Suppose the standard matrix for a linear transformation $\mathbf{T}(x)$ is an $m\times m$ “scrambled” identity matrix whose columns have been re-arranged. Each of the $m$ columns is an $m\times 1$ vector with a pivot position, but not necessarily in echelon form. For example if $\mathbf{A}$ is $3\times 3$ with columns $\mathbf{e_a}, \mathbf{e_b}, \mathbf{e_c}$ where $\mathbf{e_i}$ is a sparse vector with a value of 1 in the $i^{th}$ entry, $a, b, c \in {1,2,3}$, and $a≠b≠c$, and is multiplied on the right by a $3\times 1$ column vector $\mathbf{x}$ whose entries are $x_1$, $x_2$, $x_3$, the result will be a $3\times 1$ vector, $\mathbf{b}$, whose entries correspond in order of a, b, c such that $b_1=x_a$, $b_2=x_b$, $b_3=x_c$. The layout, or column order of $\mathbf{A}$ determines the row/entry output order of the resulting vector. Since $\mathbf{A}$ is invertible, multiplying $\mathbf{b}$ on the left by $\mathbf{A^{-1}}$ will return the original input vector $\mathbf{x}$.
For example if
$$ \mathbf{A}=\begin{bmatrix}0 & 0 & 1\\ 0 & 1 & 0\\ 1 & 0 & 0\end{bmatrix} \quad and \quad \mathbf{x}=\begin{bmatrix}1 \\ 2 \\ 3\end{bmatrix} $$
then $\mathbf{A}\mathbf{x}$ is equal to
$$ \mathbf{A}\mathbf{x}=\begin{bmatrix}0 & 0 & 1\\ 0 & 1 & 0\\ 1 & 0 & 0\end{bmatrix} \begin{bmatrix}1 \\ 2 \\ 3\end{bmatrix} = \begin{bmatrix}3 \\ 2 \\ 1\end{bmatrix} =\mathbf{b} $$
The inverse of $\mathbf{A}$ is given by:
$$ \mathbf{A^{-1}}=\begin{bmatrix}0 & 0 & 1\\ 0 & 1 & 0\\ 1 & 0 & 0\end{bmatrix} $$
and
$$ \mathbf{A^{-1}}\mathbf{b}=\begin{bmatrix}0 & 0 & 1\\ 0 & 1 & 0\\ 1 & 0 & 0\end{bmatrix} \begin{bmatrix}3 \\ 2 \\ 1\end{bmatrix} = \begin{bmatrix}1 \\ 2 \\ 3\end{bmatrix} =\mathbf{x} $$
The next step along this exploration was to ask what information could be encoded in a column vector, such that the transformed (re-arranged) vector would contain information that could be decoded into the same information system. I wanted to create an example with text so I looked up ASCII characters (various plaintext characters) and saw that there were 128 total. However, you could squeeze all capital letters, the 10 digits, and the more important symbols into 64 characters. I tinkered with binary encoding and settled on a system where the $i^{th}$ digit, $d_i ∈ {0,1}$, would represent value of $d_i \times 2(i-1)$. The total value would be equal to the sum of the values of 1 through $n$ digits:
$$ \sum_{i=1}^{n} d_i\cdot2^{i-1},\ d_i\in{0,1} $$
To encode 64 ($2^6$) different characters (0 through 63 in normal base-10 numbering), you need 6 digits.

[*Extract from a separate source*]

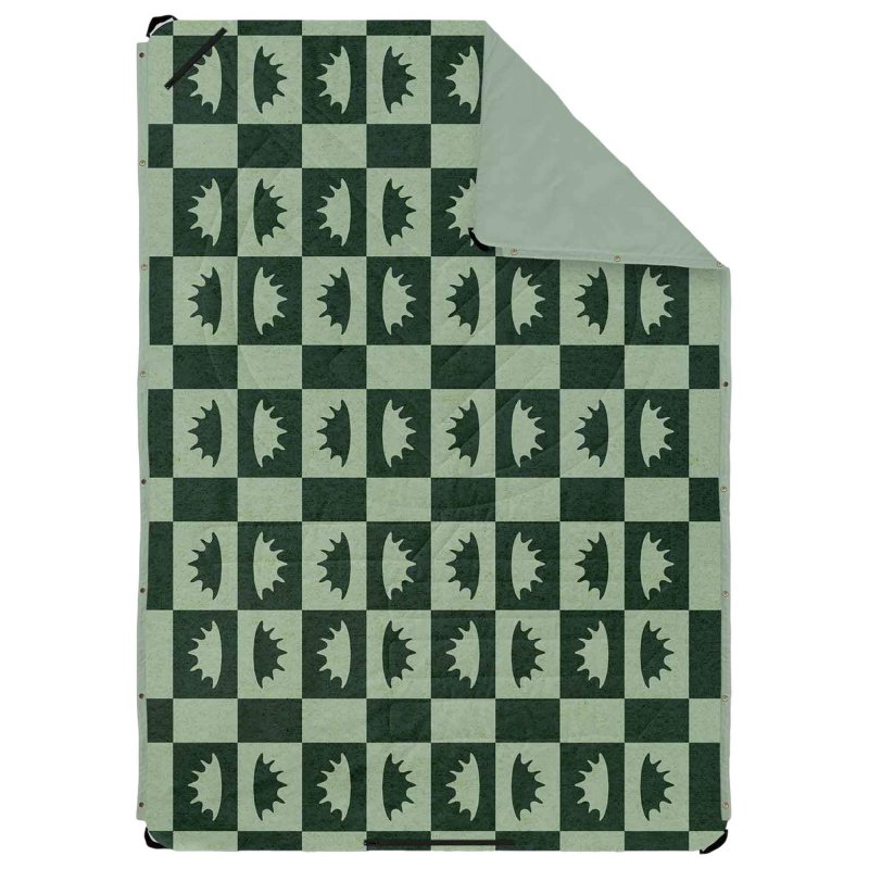Die Voited Picnic Blanket verfügt über seitliche Druckknöpfe, mit denen du mehrere Decken miteinander verbinden kannst. Alternativ lässt sich die Decke auch mit der gegenüberliegenden Seite zusammenknöpfen und überwerfen. So entsteht entweder ein Sichtschutz zum Umziehen oder ein regendichtes Cape, das dich trocken vom Strand nach Hause bringt.

For example, the digits $(d_6 d_5 d_4 d_3 d_2 d_1)$ ‘000000’ is equal to 0, ‘111111’ is equal to 63, and ‘001101’ is equal to 13 $(1\times2(4−1)+1\times2(3−1)+1\times2(1−1))$. Each of the 64 characters is mapped to a base-10 number 0-63 (mapping included further below), which is then encoded in this system. These values can then be easily transferred to a $6×1$ column vector $\mathbf{x}$ whose entries $x1…x6$ are equal to $d1…d6$. A $6×n$ matrix, $\mathbf{S}$, can also be assembled from multiple encoded character column vectors.
For example the string ‘My name is Sam’ corresponds to base-10 numbers {46, 58, 1, 47, 34, 46, 38, 1, 42, 52, 1, 52, 34, 46}, which can then be encoded in the $6\times 14$ matrix $\mathbf{S}$:
$$ \mathbf{S^T}=\begin{bmatrix} 1 & 0 & 1 & 1 & 1 & 0 \\ 1 & 1 & 1 & 0 & 1 & 0 \\ 0 & 0 & 0 & 0 & 0 & 1 \\ 1 & 0 & 1 & 1 & 1 & 1 \\ 1 & 0 & 0 & 0 & 1 & 0 \\ 1 & 0 & 1 & 1 & 1 & 0 \\ 1 & 0 & 0 & 1 & 1 & 0 \\ 0 & 0 & 0 & 0 & 0 & 1 \\ 1 & 0 & 1 & 0 & 1 & 0 \\ 1 & 1 & 0 & 1 & 0 & 0 \\ 0 & 0 & 0 & 0 & 0 & 1 \\ 1 & 1 & 0 & 1 & 0 & 0 \\ 1 & 0 & 0 & 0 & 1 & 0 \\ 1 & 0 & 1 & 1 & 1 & 0 \\ \end{bmatrix} $$
Suppose $\mathbf{A}$ is equal to the $6\times 6$ matrix composed of columns $e_6, e_5, e_4, e_3, e_2, e_1$:
$$ \mathbf{A}=\begin{bmatrix} 0 & 0 & 0 & 0 & 0 & 1 \\ 0 & 0 & 0 & 0 & 1 & 0 \\ 0 & 0 & 0 & 1 & 0 & 0 \\ 0 & 0 & 1 & 0 & 0 & 0 \\ 0 & 1 & 0 & 0 & 0 & 0 \\ 1 & 0 & 0 & 0 & 0 & 0 \\ \end{bmatrix} $$
Multiplying $\mathbf{S}$ on the left by $\mathbf{A}$ will reverse the order of entries in each column of $\mathbf{S}$.